Mr. Musk testified in a lawsuit filed by investors who claim his 2018 statements about a plan to buy up the carmaker’s stock cost them billions.
Elon Musk said on Monday that he had not lied or misspoken about his plan to take Tesla off the stock market in 2018, testifying in federal court that Saudi Arabia’s sovereign wealth fund had “unequivocally wanted to take Tesla private.”
Investors are suing Mr. Musk, Tesla and the company’s board because they contend that they lost money as a result of Mr. Musk’s statements about his plan to take Tesla private, which later collapsed.
On Aug. 7, 2018, Mr. Musk, who was chairman and chief executive of the electric automaker at the time, wrote on Twitter: “Am considering taking Tesla private at $420. Funding secured.” He then wrote: “Investor support is confirmed.

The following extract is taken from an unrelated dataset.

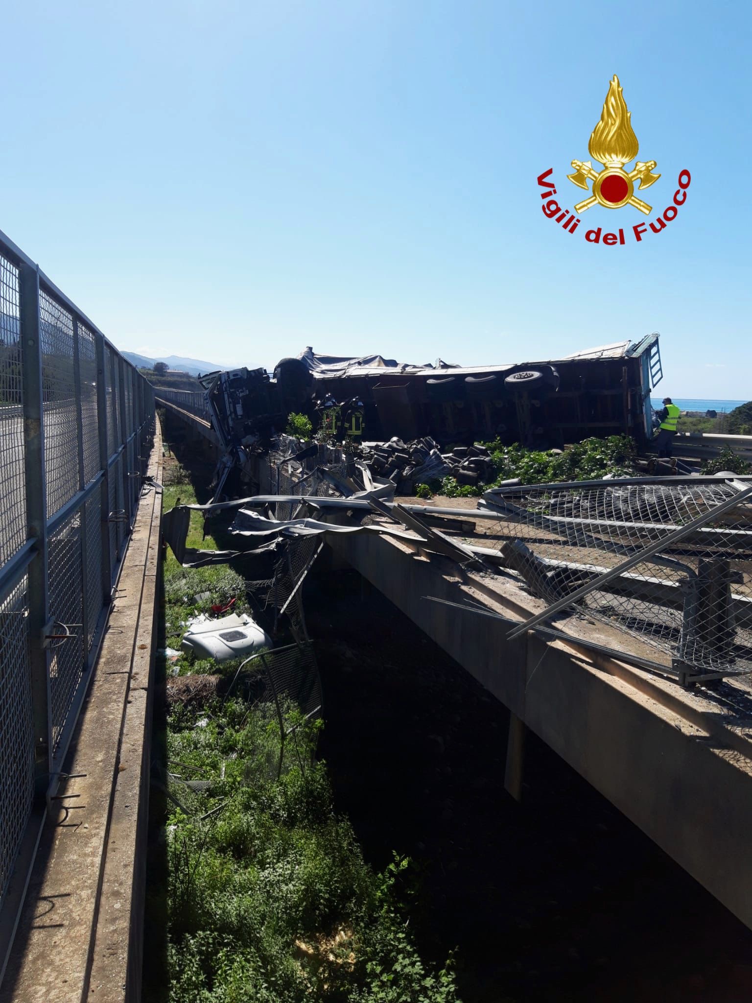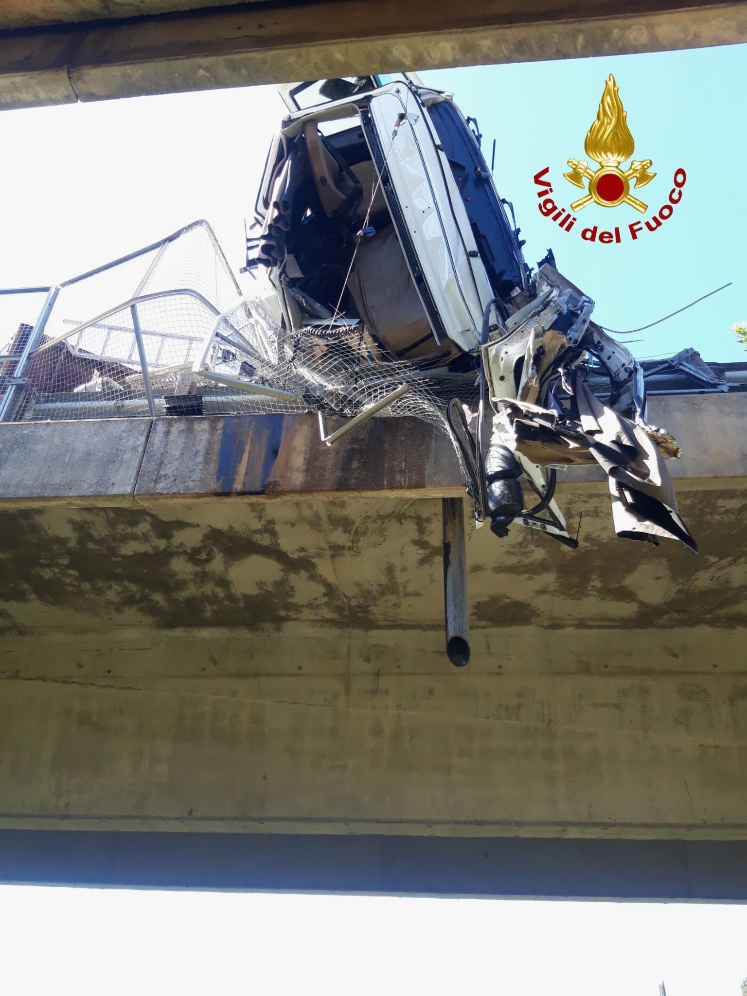 Sul posto il personale dei Vigili del fuoco, prontamente intervenuto , ha constatato il decesso del conducente del TIR precipitato giù dal viadotto.

Only reason why this is not certain is that it’s contingent on a shareholder vote.” Tesla’s share price jumped after those posts but later fell as the proposal fizzled out.

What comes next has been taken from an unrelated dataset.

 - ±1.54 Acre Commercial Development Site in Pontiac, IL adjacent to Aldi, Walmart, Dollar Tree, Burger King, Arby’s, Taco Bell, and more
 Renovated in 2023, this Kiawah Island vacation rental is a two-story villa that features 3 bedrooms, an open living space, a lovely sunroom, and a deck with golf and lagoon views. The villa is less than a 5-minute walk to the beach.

How jurors interpret Mr. Musk’s statements and the effect they had on investors could be critical to the outcome of this case, which is being tried in San Francisco. A victory for investors could mean Mr. Musk and Tesla would have to pay billions of dollars in damages. But winning the case would allow Mr. Musk to claim vindication against his critics.
The judge overseeing the case, Edward M. Chen, has already ruled that “funding secured” and Mr. Musk’s second statement about taking Tesla private were untrue.
Mr. Musk has thus far testified for about four hours in this trial and is due back on the stand on Tuesday. He answered Monday’s questions about the Saudi fund, the Public Investment Fund, from a plaintiffs’ lawyer who pressed him for more details about the plan to take the company private. Mr. Musk said officials from the Saudi fund had not signed documents committing to a deal or discussed how much they would invest in the deal.
“The exact amount would not be knowable without knowing who else would participate,” he said. But he added that he had believed “if they say they’re going to do something, they do.”
Removing a public company from the stock exchange can be expensive and difficult. The people or investment firms seeking to take a business private have to come up with the money to buy all or most of its stock.
The Saudi fund, which had amassed a 5 percent stake in Tesla before Mr. Musk announced his plans, would have been an important part of any deal. Mr. Musk had long claimed the Saudi investors were committed to the transaction.
Text messages between Mr. Musk and Yasir Al-Rumayyan, who oversees the Saudi fund, emerged last year in court filings. In those messages, Mr. Musk criticized Mr. Al-Rumayyan after news reports suggested that the fund was lukewarm about a deal. Mr. Al-Rumayyan said in the texts that Tesla and Mr. Musk had not provided enough information for the fund to proceed. Mr. Musk referred to Mr. Al-Rumayyan’s texts as “backpedaling.”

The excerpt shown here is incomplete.